И видел: дым плывёт, как вата,
По большаку идёт солдат…
Он пел негромко, сипловато
И струны трогал наугад.
Сломанная сосна
Сосну сломало ветром. Ей вовеки
Не выситься на этом рубеже.
Осина вновь пустила бы побеги,
А здесь — здесь всё потеряно уже.
Промчалась буря.
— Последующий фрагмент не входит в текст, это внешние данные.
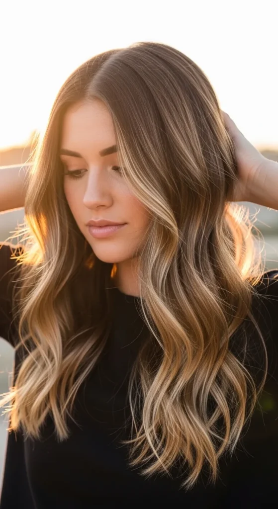 This balayage style mimics the way the sun naturally lightens hair. Light brown highlights are placed sparingly throughout the hair to create a soft, beachy glow. It’s effortless and perfect for women who prefer subtle color.

Тихо-тихо стало.
Открылся голубеющий зенит.
Но, словно звон далёкого металла,
Чуть слышный стон всё в воздухе висит.
Белая ночь
Ты живёшь в своей светёлочке,
Школа рядом, за углом.
Вместе с книгами на полочке
Синий гербовый диплом.
Ты сидишь на подоконнике,
Ясно слыша, как вдали
Две умелые гармоники
Спор жестокий завели.
Гармонисты здесь природные,
Созывают хоровод,
Как у нас поэты модные, —
Друга друг не признаёт.
И, смещая расстояния,
Отдаляя отчий дом,
Приближая милый дом,
Серебристое сияние
Излучается кругом.
Облака мерцают сизые,
Свет исходит от реки.
Все на диво белобрысые,
Спят твои ученики.
Будто льны на редкость спелые,
У девчонок по плечам
Волосёнки льются белые —
Впору северным ночам.
И тебе внезапно грезится,
Как в рождественский мороз
Мужики при блеске месяца
До Москвы вели обоз.
Шли с обветренными лицами,
Путь далёкий им не мил.
И стучали рукавицами.
И парнишка с ними был.
Он своими признан внуками
На века, не на года.
Он отсюда — за науками,
Ты с науками — сюда!
…Ты живёшь в своей светёлочке,
А за окнами — стеной
Всё сосёночки да ёлочки,
Берёзки ни одной.
Есть края разнообразнее,
Есть места куда бойчей,
Но на свете нет прекраснее
Плавных северных речей,
Белых северных ночей.
И сверкают ночи белые
Над твоею стороной,
Над озёрами Карелии
И над Северной Двиной.
"Как над девичьей чистой постелью…"
Как над девичьей чистой постелью,
Плыл восход над землёй в тишине.
Был он будто написан пастелью
И дрожал на белёной стене.
Трепетал над полями-лесами,
Над росистыми крышами хат…
От него отделённый часами,
Перед вечером вспыхнул закат.
Не был он исключеньем из правил,
Но с огромною силой какой
Стёкла в окнах безжалостно плавил
И костры затевал за рекой.
Будто дню уходящему назло,
Он сурово вдали полыхал,
Не пастель с акварелью, а масло,
Остывающий тёмный накал.
…И у жизни такие законы:
На земле человек родился, —
В честь него не шагают колонны,
Транспаранты и флаги неся.
А умрёт — и печальные люди
Всё идут и идут… А порой
Громыхают винтовки в салюте
И рокочет оркестр духовой.
И единственной мыслью беспечной
Каждый душу залечивать рад, —
Что лежит ещё день бесконечный
Между вами, восход и закат.
"Был самолёт упасть готов…"
Был самолёт упасть готов
Над краем пропасти.
Его крутящихся винтов
Дрожали лопасти.
Но сели, вырвались из тьмы,
Ушли от гибели.
И вот бутылку взяли мы
И пробку выбили.
Бутылку взяли не спеша
И пробку выбили
И, чтоб жива была душа,
На счастье выпили.
А в уголке варился суп
На жёлтом примусе,
И в воздухе различных круп
Витали примеси.
О, как приятно было нам,
В тулупы кутаясь,
Сидеть, смотреть по сторонам,
В деталях путаясь.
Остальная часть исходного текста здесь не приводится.